P = exp(-1 / 31) = 0.968

Assume exposure width L = 0.03 km.

SFF = 12 * 0.968 * 0.03 = 0.35 flashovers/100 km-year

6. Backflashover (BF) Calculation

6.1 Tower Surge Voltage

V_tower = I * Rt

Flashover occurs when:

V_tower > CFO

With Rt = 15 Ω, CFO = 1050 kV:

I_BF = 1050 / 15 = 70 kA

6.2 Probability of Current Exceeding 70 kA

P(I > 70) = exp(-70 / 31) = exp(-2.26) = 0.104

6.3 Number of Tower Strokes (per 100 km)

N_t = Ng * (0.1h + 3) * 100

N_t = 12 * (0.1*40 + 3) * 100
N_t = 12 * 7 * 100 = 8400 strokes/100 km-year

For a 350 m span:

Towers per 100 km = 100,000 / 350 = 285 towers

6.4 Backflashover Rate

BF = (N_t / Towers) * P(I > 70)

BF = (8400 / 285) * 0.104 = 29.47 * 0.104 = 0.0876 flashovers/100 km-year

7. Total Lightning Performance (LLP)

LLP = SFF + BF
LLP = 0.35 + 0.0876 = 0.4376 flashovers/100 km-year

Interpretation

A value of 0.44 flashovers/100 km-year represents excellent lightning performance for a 230 kV line.

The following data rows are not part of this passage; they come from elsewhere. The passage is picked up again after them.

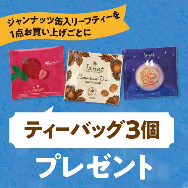 フランスの紅茶ブランド「ジャンナッツ」のクリスマス限定ブレンドです。ドライアップルやハート型のシュガーを散りばめ、華やかな味わいに仕上げました。
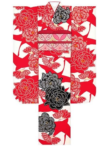 振袖レンタルセット 大梅に椿(赤)/帯 七宝(ピンク)
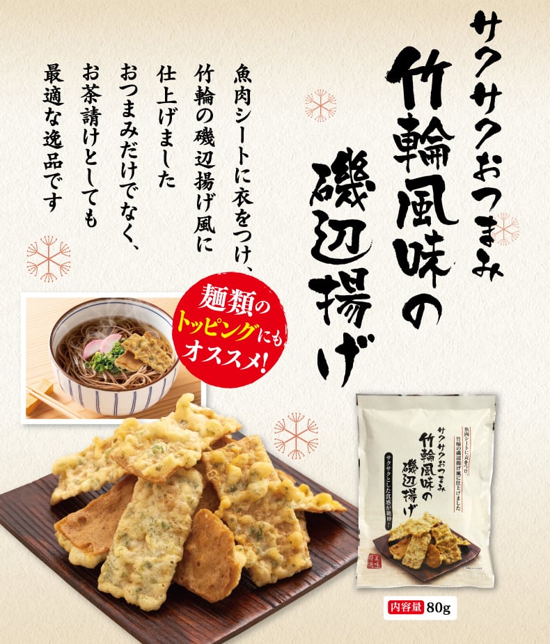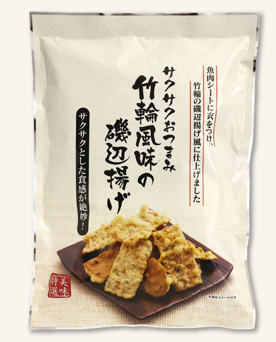 魚肉シートに衣をつけ、竹輪の磯辺揚げ風に仕上げました。おつまみだけでなく、お茶請けとしても最適な逸品です。
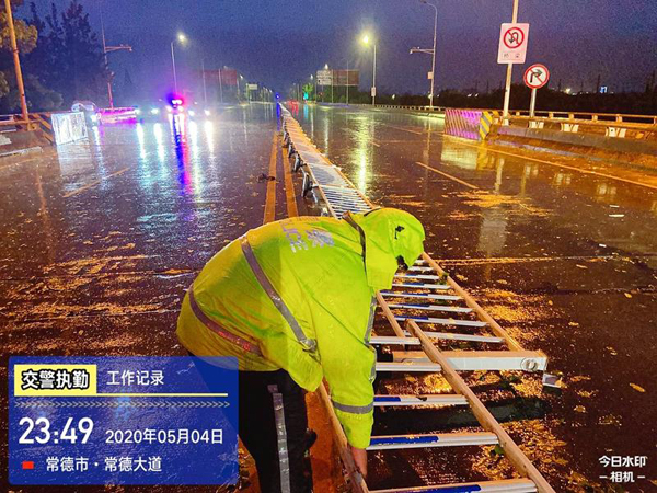 一场突如其来的暴风雨,打破了原有的宁静。5月4日晚11时47分许,常德市交警直属二大队三中队民警巡逻至武陵区常德大道沅水二桥路段时,发现道路中央的隔离护栏被大风挂倒在地。由于护栏倒塌的面积较大,加上该路段机动车较多,不仅严重扰乱交通秩序,还存在很大的安全隐患。
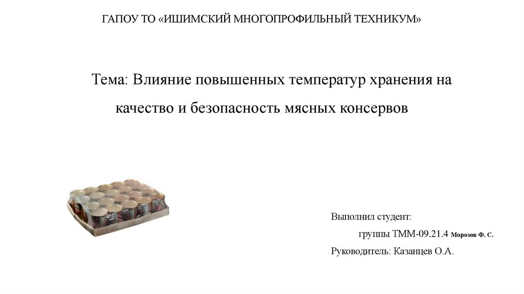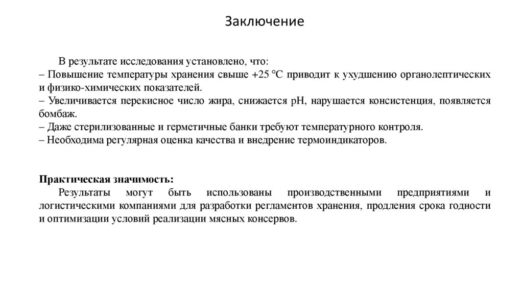 1. Тема: Влияние повышенных температур хранения на качество и безопасность мясных консервов

Most utilities target:

• < 3 for 115 kV
• < 1–2 for 230 kV
• < 1 for 345–500 kV

8. Methods to Improve Lightning Performance

• Reduce tower footing resistance (target <10 Ω)
• Improve shielding angle (from 25° → 15°)
• Raise ground wire height
• Add a second shield wire
• Increase insulator string length (higher CFO)
• Install Line Surge Arresters (LSA) in problematic spans

9. Summary of Example Results

Parameter	Value
Ng	12 flashes/km²-year
Shielding angle	25°
Tower footing resistance	15 Ω
BIL (CFO)	1050 kV
SFF	0.35
BF	0.0876
Total LLP	0.44 flashovers/100 km-year

This design meets strict reliability standards for 230 kV overhead transmission lines.